• _BRIEF_: When you reach the line that contains "老师们,同学们,同志们!党和", begin copying exactly and continue through the last line below. Do not copy pictures.

• _DATA BLOCK_:

━━━

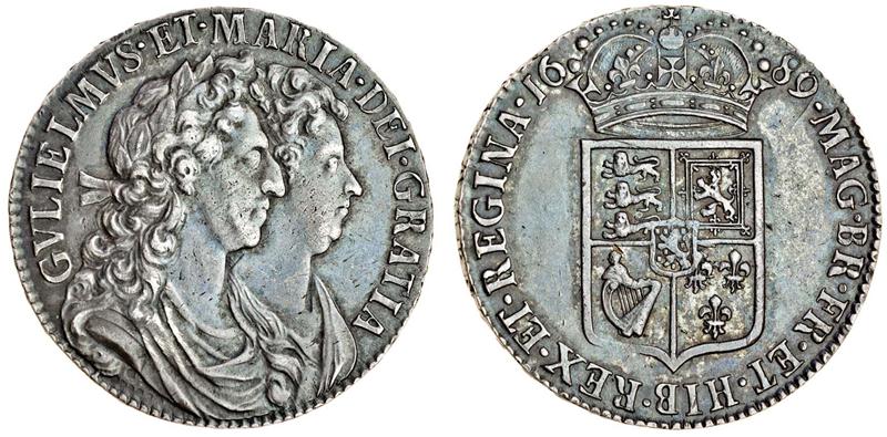 (x) William and Mary, Halfcrown, 1689 primo, conjoined laureate draped busts right, rev. crowned first shield, frosted caul, pearls (ESC 505; S.3434), dark tone, nearly extremely fine
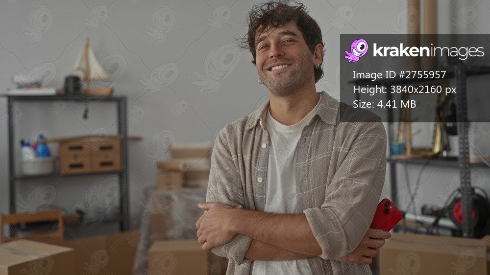 Hispanic man with crossed arms holding red phone in newly moved home surrounded by unpacked boxes and shelves.
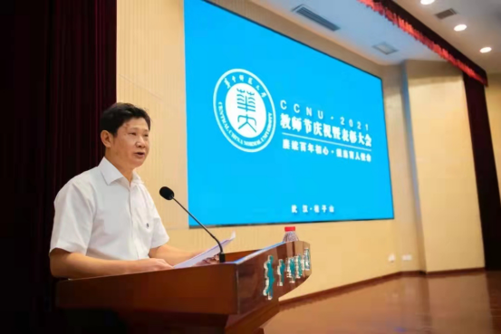 老师们,同学们,同志们!党和国家高度重视教育和教师。党的十八大以来,以习近平同志为核心的党中央把教育的全局地位、教师的战略地位、教师的职业标准和教师的育人责任提到前所未有的高度。中共中央、国务院《关于全面深化新时代教师队伍建设改革的意见》明确提出,到2035年培养造就数以百万计的骨干教师、数以十万计的卓越教师、数以万计的教育家型教师。习近平总书记在全国教育大会上对教师队伍建设提出了明确要求。作为教育部直属重点师范大学,学校担负着为国家基础教育培育卓越教师、未来教师和大国良师的国家使命和时代重任,我们要以更大的力度、更实的举措加强教师队伍建设。我们将实施学者名师计划,加强高层次人才培育和引进,努力建设高素质教师队伍;我们将加强对青年教师生活关心和职业发展指导,为广大教师成长发展创造良好环境,让每一位老师在华师充分实现人生价值;我们将出台系列人事人才制度和政策,加强师德师风建设,努力为广大教师建设安心、安宁、安静的生活、工作条件,不断提升广大教职工的获得感和幸福感。
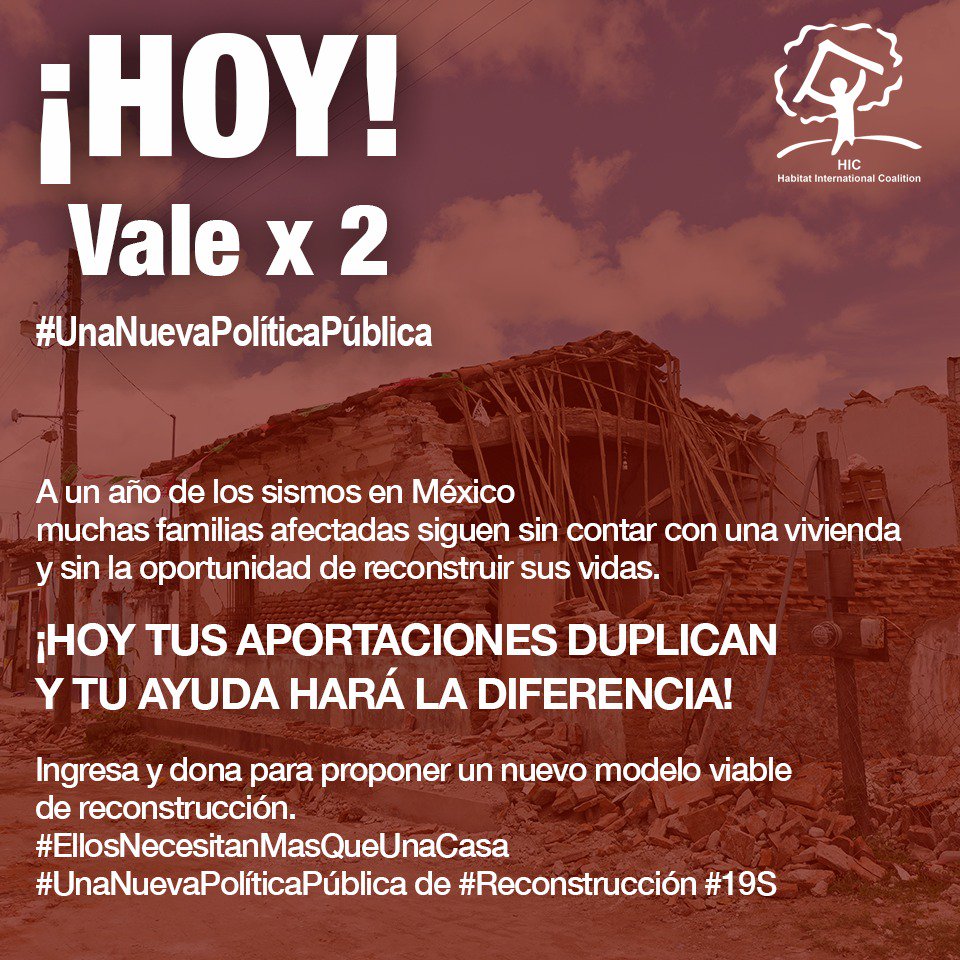 @hicpresident@Hic-Al nos invita a unirnos en esta iniciativa que tiene el fin de seguir aportando en los procesos de reconstrucción después de los sismos de 2017 https://bit.ly/2Q5nFhH pic.twitter.com/XK2o8dlskW

━━━

• _SOLUTION TO THE PROBLEM_:
 老师们,同学们,同志们!党和国家高度重视教育和教师。党的十八大以来,以习近平同志为核心的党中央把教育的全局地位、教师的战略地位、教师的职业标准和教师的育人责任提到前所未有的高度。中共中央、国务院《关于全面深化新时代教师队伍建设改革的意见》明确提出,到2035年培养造就数以百万计的骨干教师、数以十万计的卓越教师、数以万计的教育家型教师。习近平总书记在全国教育大会上对教师队伍建设提出了明确要求。作为教育部直属重点师范大学,学校担负着为国家基础教育培育卓越教师、未来教师和大国良师的国家使命和时代重任,我们要以更大的力度、更实的举措加强教师队伍建设。我们将实施学者名师计划,加强高层次人才培育和引进,努力建设高素质教师队伍;我们将加强对青年教师生活关心和职业发展指导,为广大教师成长发展创造良好环境,让每一位老师在华师充分实现人生价值;我们将出台系列人事人才制度和政策,加强师德师风建设,努力为广大教师建设安心、安宁、安静的生活、工作条件,不断提升广大教职工的获得感和幸福感。
 @hicpresident@Hic-Al nos invita a unirnos en esta iniciativa que tiene el fin de seguir aportando en los procesos de reconstrucción después de los sismos de 2017 https://bit.ly/2Q5nFhH pic.twitter.com/XK2o8dlskW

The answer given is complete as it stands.